WELL HEY THERE
I LIVE A PRETTY DANG
SWEET LIFE WITH THIS
BABE RIGHT HERE
OH! AND REAL QUICK! I PRESENT THIS SCIENTIFIC
BREAKDOWN OF WEDDING DAY SKILLS
BY "PERCENTAGE OF THE TIME, I'M"
THINKING TEN STEPS AHEAD
DOING 4 THINGS AT ONCE
RIGHT PLACE/RIGHT TIME
CALMEST PERSON IN ATTENDANCE
HELLO YOU LOVEBIRDS YOU!
I'll try to keep it short and sweet right here.
Mainly because I have zero ideas on how to start describing my personality in such a way that unequivocally proves I am a cool enough guy that you'd want to have around all day.
The term "camera shy introvert" comes to mind first, ironic I know... it's strange though, in my day to day I am the one always listening way more than talking. But come wedding day I morph into this person who always seems to have the right thing to say.
You point a camera in my direction however, and forget it... turtle imitation real quick.

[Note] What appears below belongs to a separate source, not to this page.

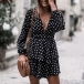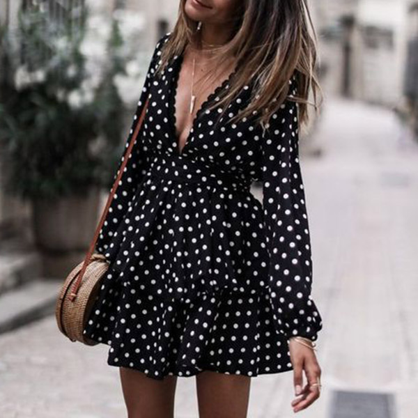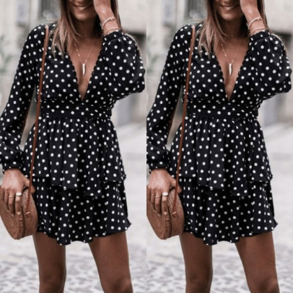 Sexy Deep V-neck Long Sleeve High Waist Dots Printed Dress
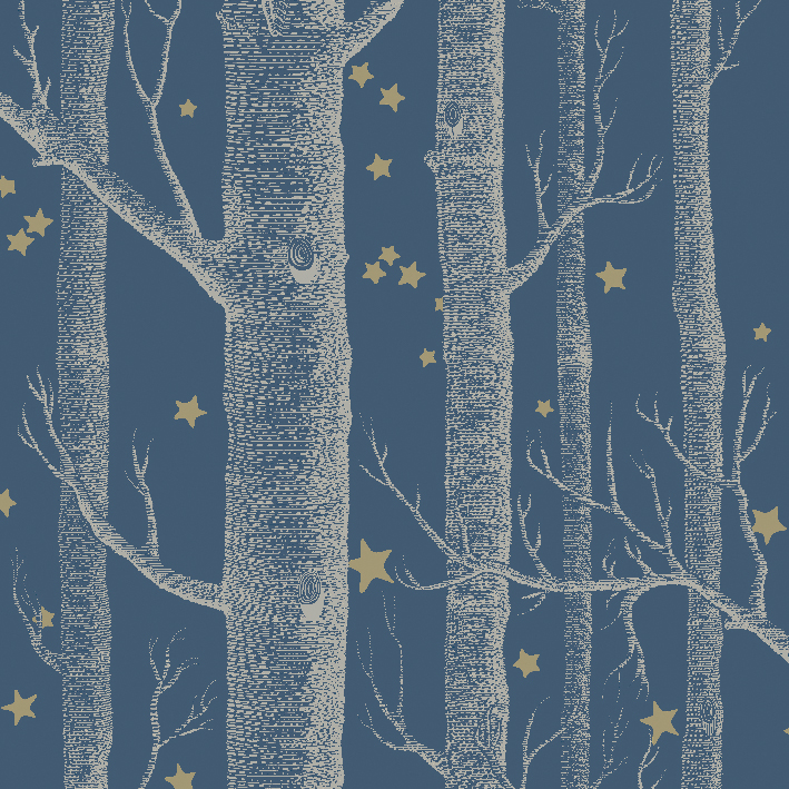 By combining the Cole & Son classic, Woods, with a magical addition our Design House artists have produced the charming and enigmatic Woods & Stars tree wallpaper. Printed in colour moods ranging from cool neutrals and metallics through to midnight blue and inky black, Woods & Stars ushers you into a fairytale woodland.

So I get it, I feel you, I'm in this adventure right along with you.
ME. MYSELF. I.
It's been said that from time to time I resemble Aaron Rogers; not in raw athletic talent, but rather our oddly shaped faces. Hmmmm.
I'm a firm believer that there are only two types of people in the universe, those who LOVE the movie Waterworld and those who absolutely loath it. Love it.
The smell right behind my wife's left ear is my favorite thing in the whole wide world.
The fact that I own more surfboards and motorcycles combined than pairs of shoes can be looked at as a life win.
Communicating in only .gifs is the future. Join me, I'm there.
I've never met a good pair of sweatpants for whom I didn't get along with.
Lightning has struck my body on one occasion. I'm ok now.
I forgot to say my name is Chris, salutations!